About this task
Only the pictures are to be left out; return the rest of the data exactly as it stands.

Data supplied
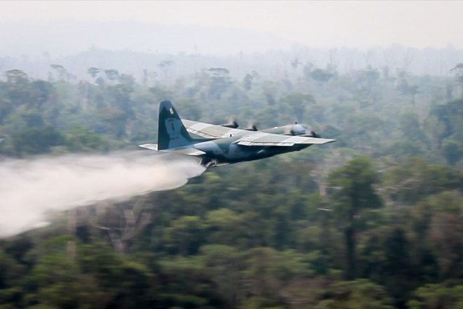 A Força Aérea Brasileira (FAB) está empregando, desde ontem (24), duas aeronaves C-130 Hércules no combate aos focos de incêndio na Amazônia. Os aviões são operados pelo Primeiro Esquadrão do Primeiro Grupo de Transporte e têm usado o aeroporto de Porto Velho como base.
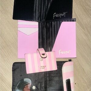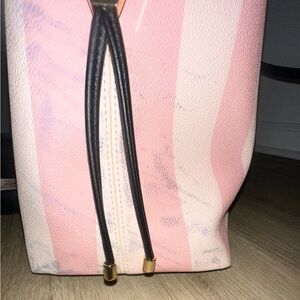 Elegant pink striped travel bags by Victoria's Secret. Includes tote, suitcase, and accessories. Ideal for stylish journeys.
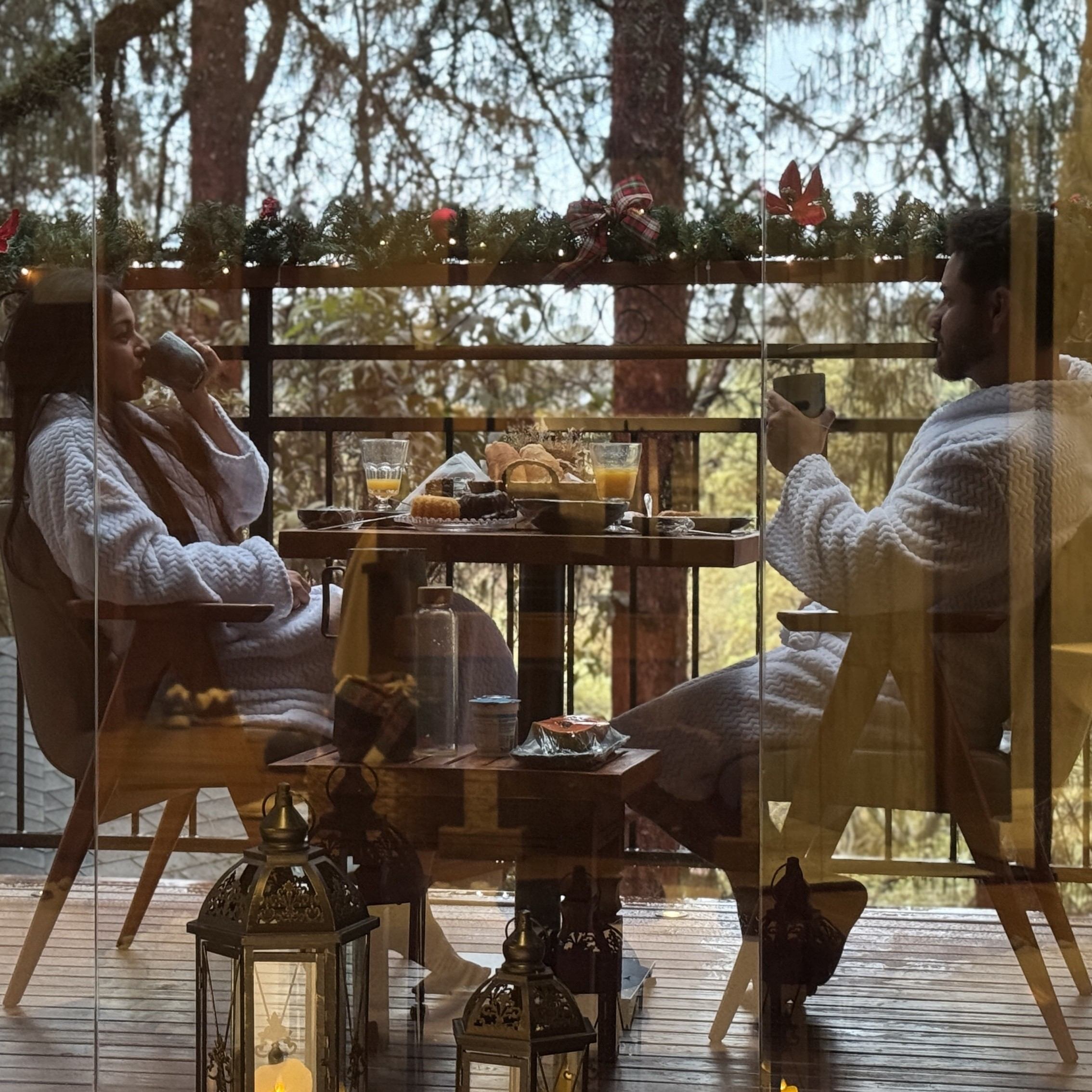 Para oferecer maior conforto e privacidade, o café da manhã é servido diretamente em sua cabana em área especial com vista, já equipada com utensílios para refeições e com máquina de café Nespresso.
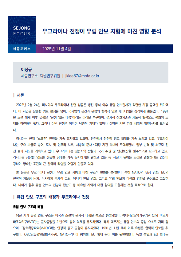 우크라이나 전쟁이 유럽 안보 지형에 미친 영향 분석
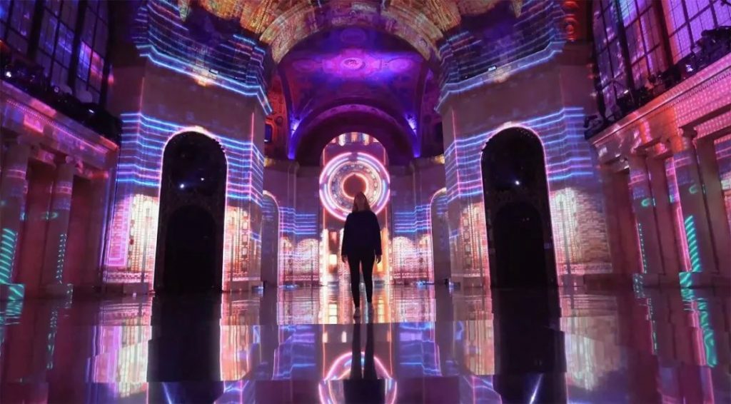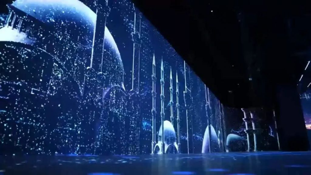 创作团队通过360°投影贴图,交互式视觉效果,照明,场景设计和身临其境的声音融合在一起,创造了一种使感官愉悦的体验。为了突出建筑物的雄伟内部,该团队创造了五个独特的环境,每个环境都有独特的叙述。
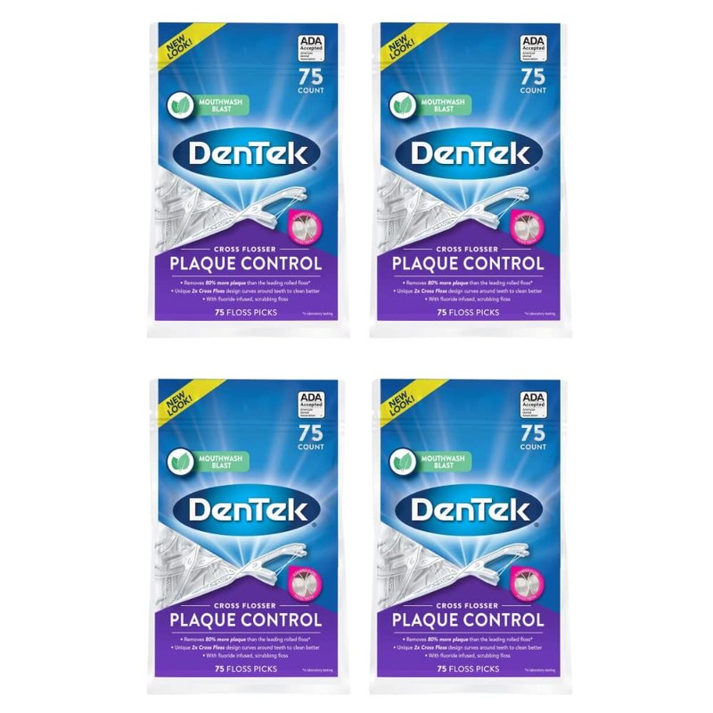 DenTek Cross Flosser Plaque Control Floss Picks, X-Shaped Floss, 75 Count, (Pack of 4)
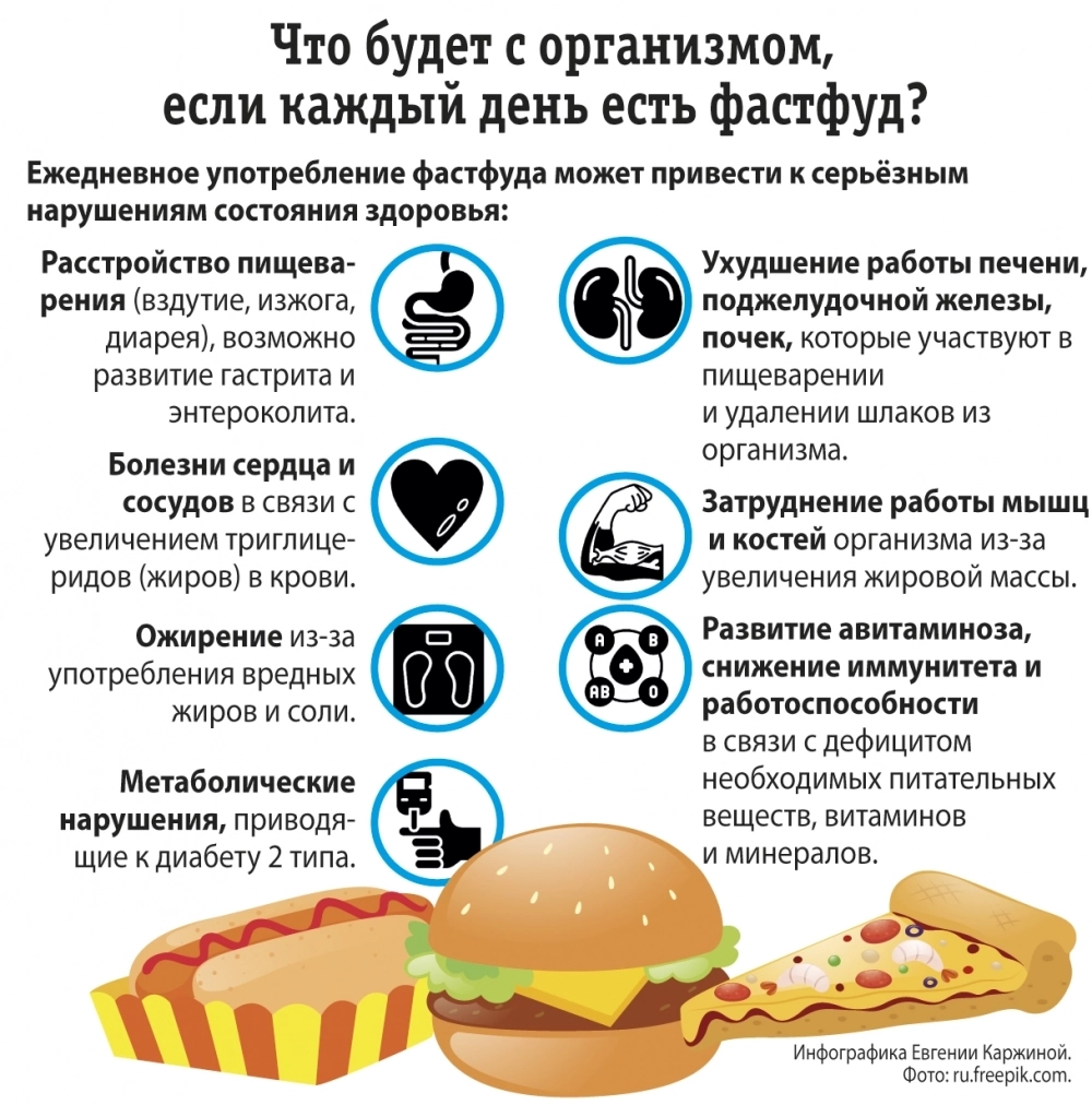 Что будет с организмом, если каждый день есть фастфуд? Инфографика
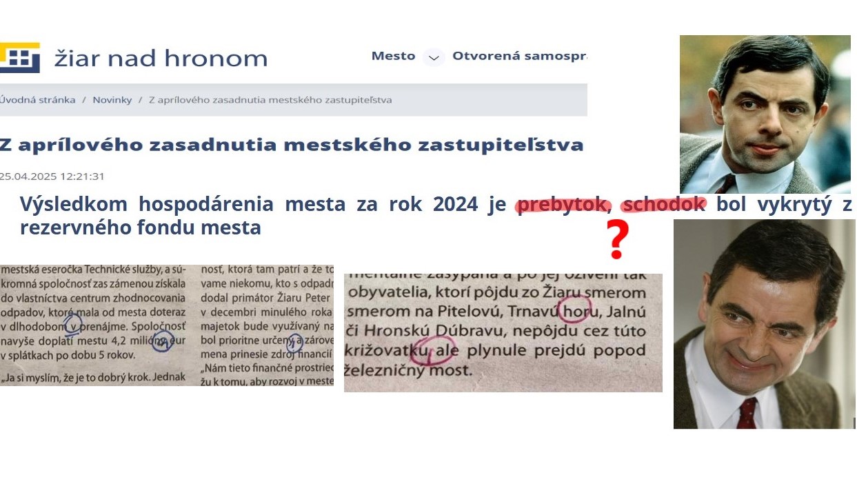 .) Keď dostanú takíto jednoduchší pracovníci od primátora príkaz, napíšu na web mesta alebo do Mestských novín čokoľvek. Ukážka gramatických chýb v Mestských novinách a totálneho klamsta a hlúposti na webe mesta je hore na obrázku. „Výsledkom hospodárenia mesta za rok 2024 je prebytok, schodok bol vykrytý z rezervného fondu mesta“. Ono aj klamať treba vedieť. Lebo toto znie ako „suchá voda“ a keby to nebola oficiálna informácia z MsZ v mestskom médiu, bolo by to na smiech. Mesto skončilo rok 2024 opäť len a len schodkom a rezervný fond je preč. Ale toto keby redaktorka mestských novín napísala, okamžite by ju odpratali. So šťastím napríklad na mestské Technické služby...
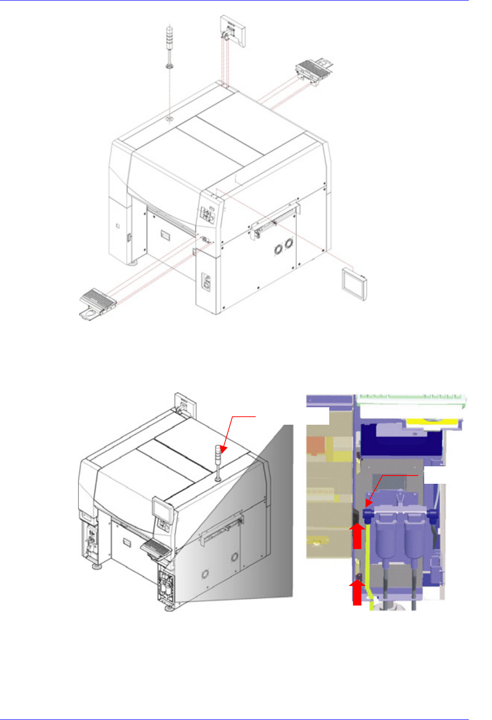 7. 4个螺钉将 Tower lamp安装在上表面左侧,并将 Tower Lamp 连接在设备内

Result
 A Força Aérea Brasileira (FAB) está empregando, desde ontem (24), duas aeronaves C-130 Hércules no combate aos focos de incêndio na Amazônia. Os aviões são operados pelo Primeiro Esquadrão do Primeiro Grupo de Transporte e têm usado o aeroporto de Porto Velho como base.
 Elegant pink striped travel bags by Victoria's Secret. Includes tote, suitcase, and accessories. Ideal for stylish journeys.
 Para oferecer maior conforto e privacidade, o café da manhã é servido diretamente em sua cabana em área especial com vista, já equipada com utensílios para refeições e com máquina de café Nespresso.
 우크라이나 전쟁이 유럽 안보 지형에 미친 영향 분석
 创作团队通过360°投影贴图,交互式视觉效果,照明,场景设计和身临其境的声音融合在一起,创造了一种使感官愉悦的体验。为了突出建筑物的雄伟内部,该团队创造了五个独特的环境,每个环境都有独特的叙述。
 DenTek Cross Flosser Plaque Control Floss Picks, X-Shaped Floss, 75 Count, (Pack of 4)
 Что будет с организмом, если каждый день есть фастфуд? Инфографика
 .) Keď dostanú takíto jednoduchší pracovníci od primátora príkaz, napíšu na web mesta alebo do Mestských novín čokoľvek. Ukážka gramatických chýb v Mestských novinách a totálneho klamsta a hlúposti na webe mesta je hore na obrázku. „Výsledkom hospodárenia mesta za rok 2024 je prebytok, schodok bol vykrytý z rezervného fondu mesta“. Ono aj klamať treba vedieť. Lebo toto znie ako „suchá voda“ a keby to nebola oficiálna informácia z MsZ v mestskom médiu, bolo by to na smiech. Mesto skončilo rok 2024 opäť len a len schodkom a rezervný fond je preč. Ale toto keby redaktorka mestských novín napísala, okamžite by ju odpratali. So šťastím napríklad na mestské Technické služby...
 7. 4个螺钉将 Tower lamp安装在上表面左侧,并将 Tower Lamp 连接在设备内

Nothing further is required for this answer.